Sinatra’s cover of ‘Something’ is as close as he got to crossing paths with The Beatles. However, at one point, McCartney was asked to write a track for the vocalist, and bizarrely, he decided to gift Sinatra with the oldest song in his back catalogue. After all, it had been written with him in mind in the first place. But maybe he should have known better by this stage?
So, what song did McCartney offer to the king of swing?
McCartney had yet to find a home for the song despite writing it decades ago when he was 14 and in the midst of a Frank Sinatra phase. When he first penned ‘Suicide’, McCartney believed the only songwriting blueprint to follow was the one crafted by the swinging Sinatra. It was jazzy, performative, and primed to be paired with the chinking of fine crystal glasses.
McCartney later told the McCartney Archive Collection about Sinatra’s early influence on his songwriting. “I had my Dad’s old piano at home, that I used to tinker about on when there was no one in the house. And my feelings were, then, that if you were ever going to be a songwriter, the height of it all was Sinatra,” he said.
Enthusiastically adding, “That would be the greatest stuff that you could do, really a little bit before rock ‘n’ roll, so you were thinking of standards and things.

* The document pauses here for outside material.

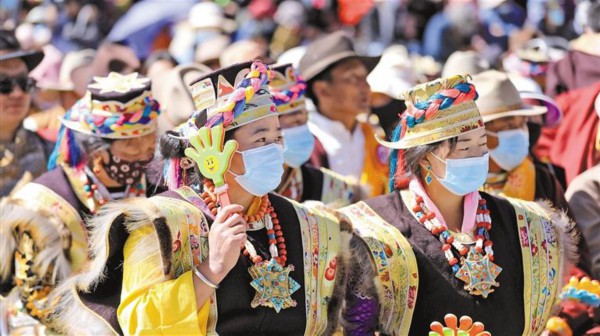 图为在第七届“尼屋桃花节”开幕式上,身穿民族服装的当地群众。 记者 万靖 通讯员 平措卓玛 摄

So around that time I wrote ‘When I’m Sixty-Four’ and this other thing. I thought it would be a bit of a Rat Pack, smoochy, with words like ‘When she tries to, run away, uh-huh…’ Boom! And stabs from the band, you know.”

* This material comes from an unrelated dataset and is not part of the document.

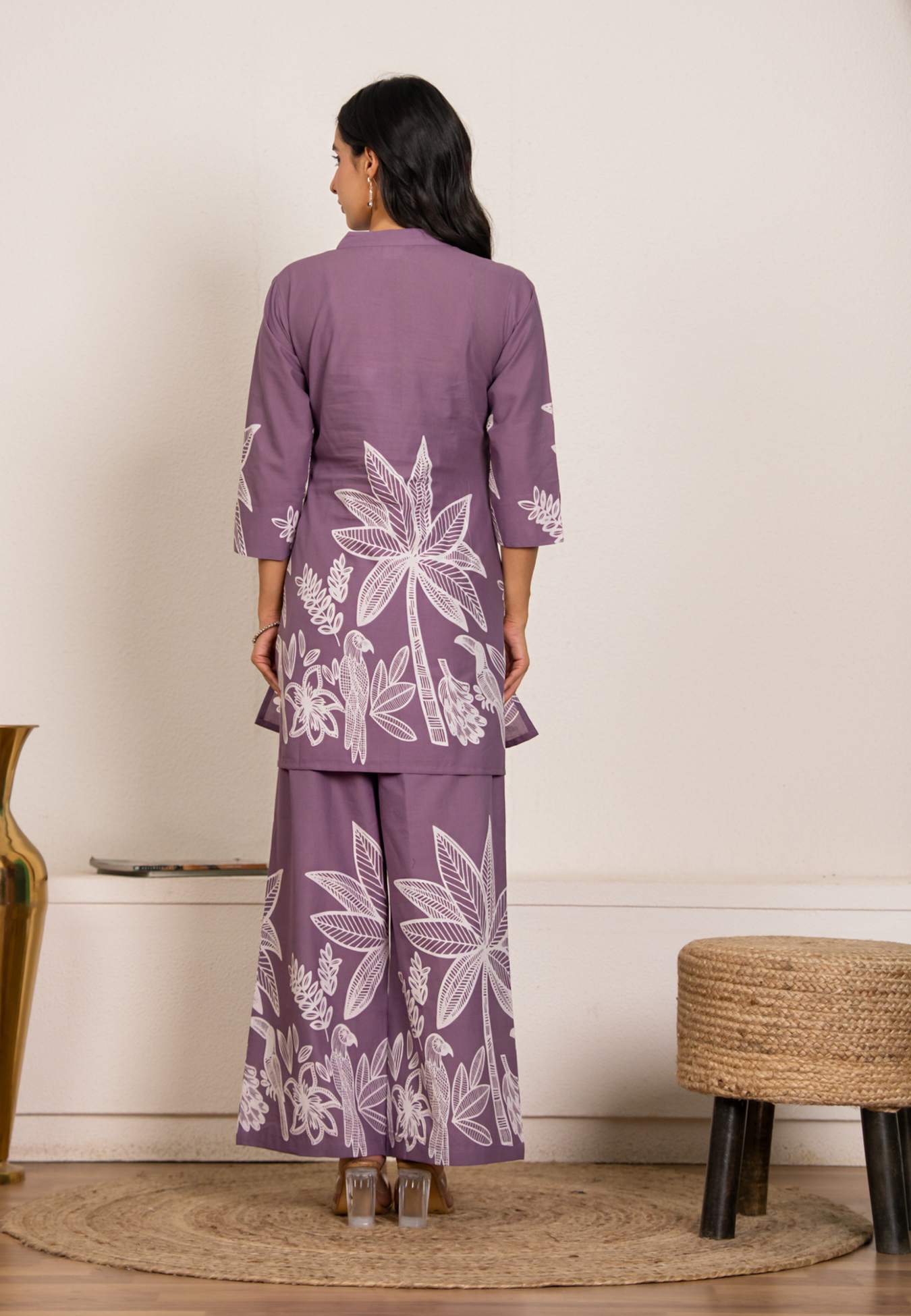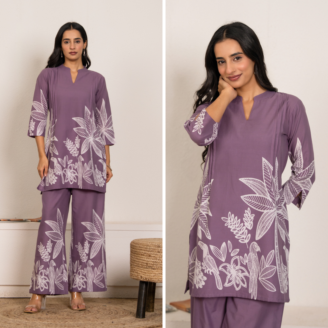 Soft and breathable cotton co-ord set in a soothing lilac shade, featuring an elegant palm tree print. Designed for all-day comfort with a relaxed yet polished fit, making it ideal for lounging, casual outings, or effortless everyday wear

The former Beatle then spoke about the time Sinatra came calling, and he decided to offer up “this other thing”, which was not to the American singer’s taste. McCartney added, “It was a real early song of mine, and I used to do it as a joke, really. I actually once got a request from Sinatra for a song”.
Adding, “And I spoke to him on the phone and told him about it, ‘Great, Paul, send it along’. ‘Thank you, Frank’. And I sent it him, and he thought I was taking the piss. ‘Is this guy kidding?’ You know, sending Sinatra a song called ‘Suicide’. He did not get it! But I did think, ‘Oh God, maybe I should have changed it a bit to send it to him’.”
Although Sinatra never recorded a take of the track, McCartney’s version of ‘Suicide‘ was eventually released as part of his ongoing project, Paul McCartney Archive Collection, and the song is now available for public consumption. But no doubt the Beatle still blushes a little when he stumbles across it.
It’s not the only song he ever wrote specifically for him, either. As McCartney would later add in a more exacting manner, “When I wrote ‘When I’m Sixty-Four’ I thought I was writing for Sinatra.” Though he was probably well-advised not to send that track to the star 26 years his senior.